If that was true, then Bill Lewis Rattle traps, and most of the other crankbait manufactures would be out of business! In gin clear water I would use more subtle baits but most water that you'll fish has some stain to it and rattles help the fish locate those lures. I like Bill Dance too, but I find that sometimes he does give conflicting information on his shows. IMO rattles do make a difference to an extent, the most important thing to remember when watching these fishing shows is to look closely at what conditions they are fishing in at the time they taped the show, and also the fact that Bill usually fishes out of his private lake for those 5 pounders he catches all the time. Hope this helps.:B


----------



## Tiny Tim (Sep 19, 2006)

Most of the crankbaits I throw it doesnt matter to me if they rattle or not. If I am throwing a jig for Bass, I always make sure there is a rattle on it no matter what. If it doesnt have one on it when I buy it, I add one before fishing it.


----------



## SConner (Mar 3, 2007)

Wolfhook nailed it with his response. That's great to say rattles don't matter when fishing in clear lakes, but in the river I fish the water is generally murky at best and I firmly believe rattle helps fish locate your lure. Color does not mean squat if you can't see through 3 inches of water! Use common sense, look at conditions and select what seems most appropriate that day.


----------



## young-gun21 (Mar 14, 2006)

I'm a firm believer in rattles...they're obviously not always a huge factor but I don't think they ever hurt.


----------



## mrphish42 (Jan 24, 2008)

maddcrappiekids............Been fishing rattle type baits for long/long/long time and will only say have seen days that fish would not touch a lure that rattled.. but have seen just as many days that the fish would not hit a lure unless it did rattle........You draw the results from that...But to make another point........I have had bass chase and brake water......in high speed retreive mode.....after a rattling lure......and follow the lure out of the water and grab that lure as it exits the water .......and get hooked .......ending up hooked, and hanging above the water line.....Sound like a fish story ( had witnesses) all but a few times it happened......Never had that happen with a non-rattling lure.... Rattling lures saved my butt on more that one trip....I'm kinda leaning towards,it must be like "ringin the dinner bell".......But you gotta find and fish just what works for you and what confidence level you fish each lure with.. Good luck and great fishin to you...........Jon Sr...


----------



## Tuna Can (Mar 17, 2006)

I think the rattles add vibration that the fish feel as well.

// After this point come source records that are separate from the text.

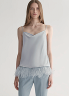 The Eliza Top is your go-to going-out top with a bold twist. Cut from Japanese crepe-backed satin, the subtle cowl neckline and feather detailing bring texture and movement, making it equally bold worn alone, under an oversized blazer or layered beneath a crewneck sweater for playful detail. This is your modern essential with a touch of drama.
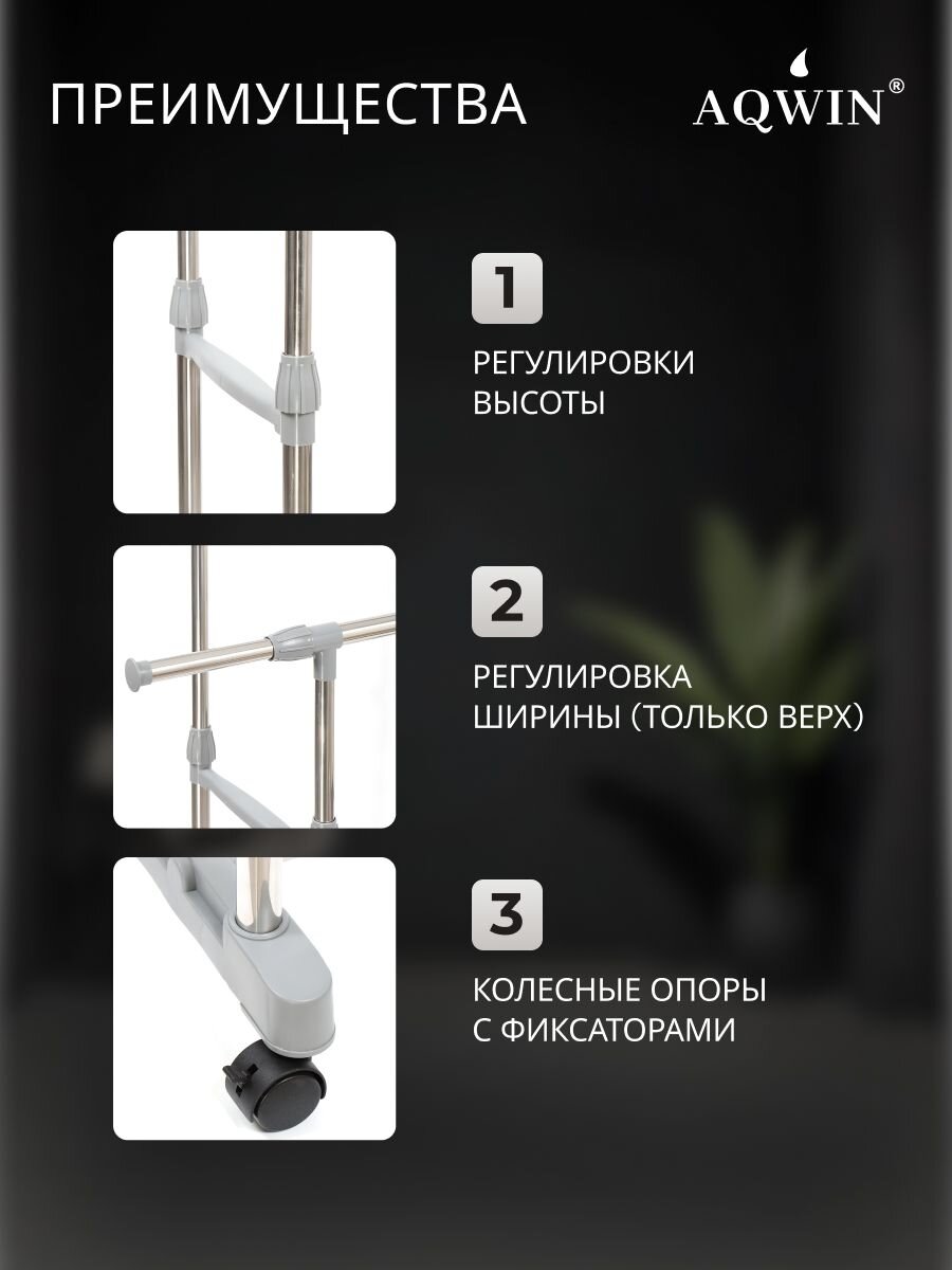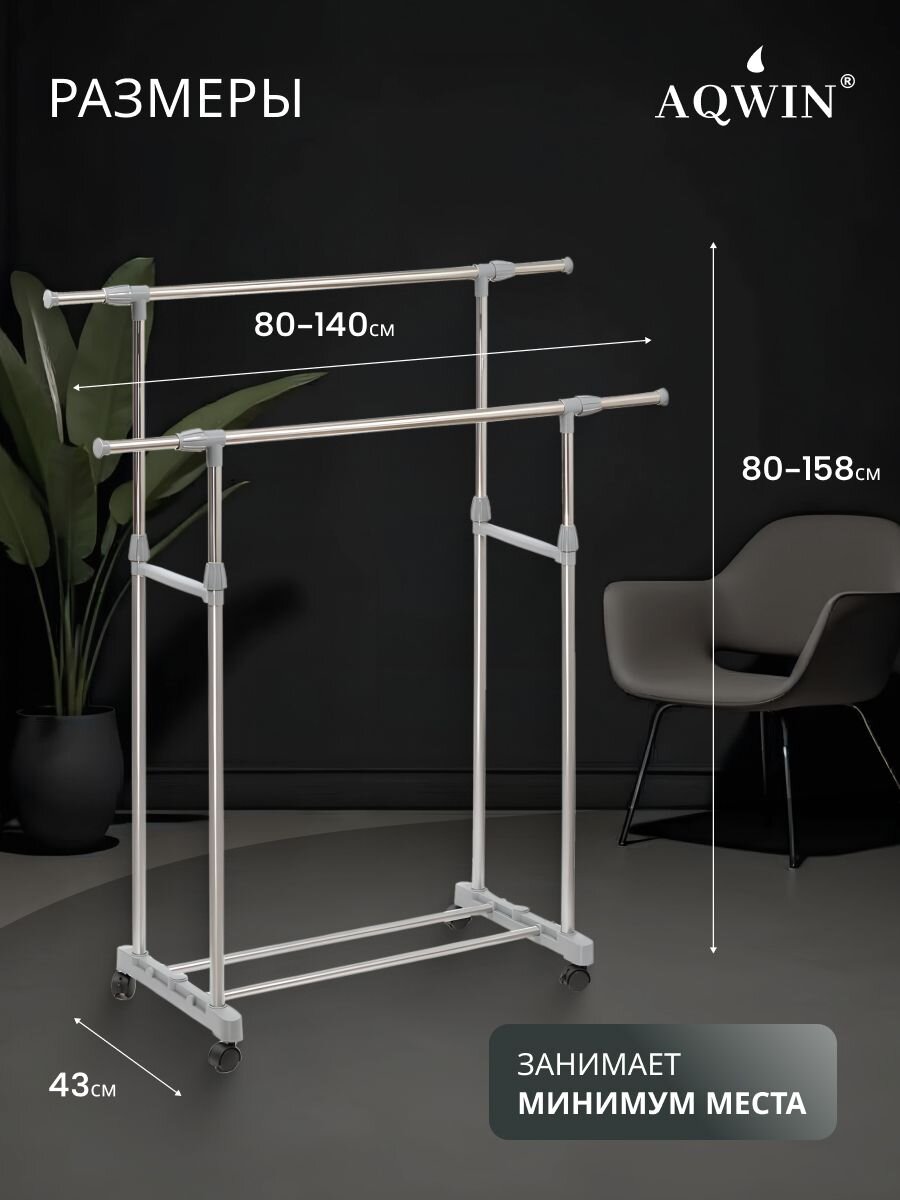 Вешалка напольная Aqwin 140х43х158 см — мобильное решение для хранения одежды: телескопическая конструкция, металл, колёса, современный стиль.
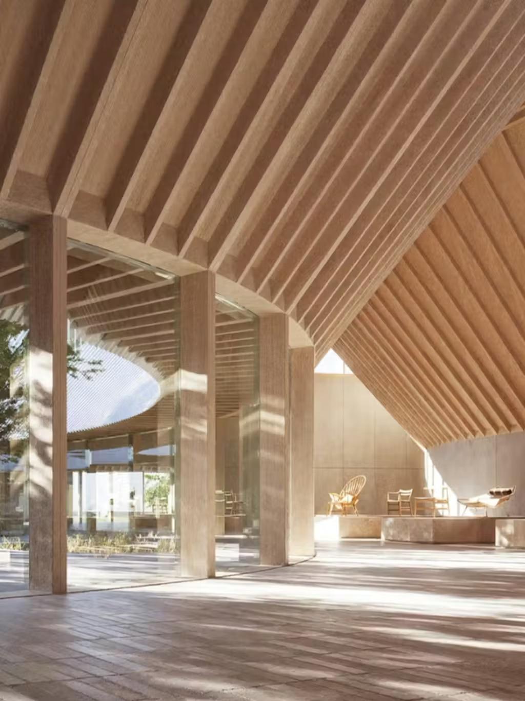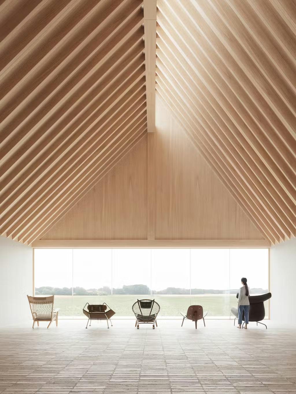 Когда-то, еще в XV веке, на этом месте была ферма. Теперь полуразрушенные постройки 1445 года дополняют современные каркасы из дерева, любимого материала Вегнера. В экспозиции представят культовые объекты дизайнера — это открытое пространство, так что рассмотреть каждый из них можно будет со всех сторон. Тем более, что для творчества самого Вегнера это очень важно: «У стула не может быть „обратной стороны“. Он должен хорошо смотреться под любым углом», — сказал он однажды. По тем же принципам архитекторы и создавали проект.
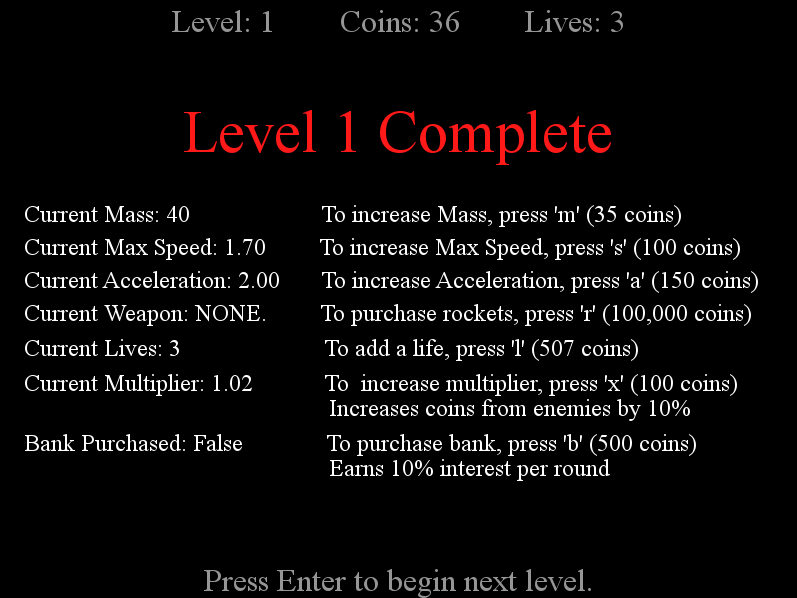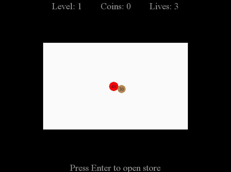 At the end of each level, you are brought to the store, where you can spend your hard earned coins to upgrade your ball. Purchasing speed will increase the maximum rate at which your ball can travel across the screen. Purchasing acceleration will increase the rate at which you can reach your max speed, stop, or change directions. Purchasing mass will increase the number displayed in the center of your ball. When you have more mass moving at a higher speed, your ball will have a higher momentum and therefore be able to hit the enemies harder. Instead of upgrading yourself, you can instead choose to "invest" your coins by increasing your multiplier or purchasing a bank. Both will increase the amount of coins you earn on later levels in different ways. It might take some practice to find the right balance between investing and upgrading.

I don't know about the sound issue, though. Just wondering about those systems with recorded sounds of bait fish that are sold to play under water to attract the predator fish, hmmmmm.


----------



## misfit (Apr 5, 2004)

> Just wondering about those systems with recorded sounds of bait fish that are sold to play under water to attract the predator fish, hmmmmm


that reminds me of some of bill's other shows.he pimps that sound system like it's the best thing since the plastic worm.then he says sound doesn't matter?LOL.
color,sound and other factors play key roles under various conditions.it's up to you to figure out(with the fish's help) what the fish want at any given time,under any given condition.


----------



## riverKing (Jan 26, 2007)

there is no real way to say sound is a day saver or not worth it. there are often times when a rattle make a big difference, times when it doesnt matter, and there are times when they will spook the fish. carry an array of all of it.


----------



## Live2Fish (Apr 7, 2004)

I tye some flys with small rattles in them or twin bead heads. These flys have been go to flys when the water is heavily stained to muddy or in very late evening.


----------



## madcrappiekids (Mar 11, 2006)

I do agree with the interesting way Bill and some other TV guys tend to change opinions on things...guess it all depends on who is paying the check at the end of dinner 

I use rattles in many cranks - interesting point about the vibration - last spring i went to Indian lake with a buddy and in my 16 ft aluminum we were in a cove and I tied on a rattle trap - it was a VERY calm day- after a few casts i noticed this vibration and some kind of noise in what seemed to be the bottom of the boat....after a few more casts I realized it was the rattle trap I was using! we could hear it vibrate through the boat on the retrive. 

I will keep using them


----------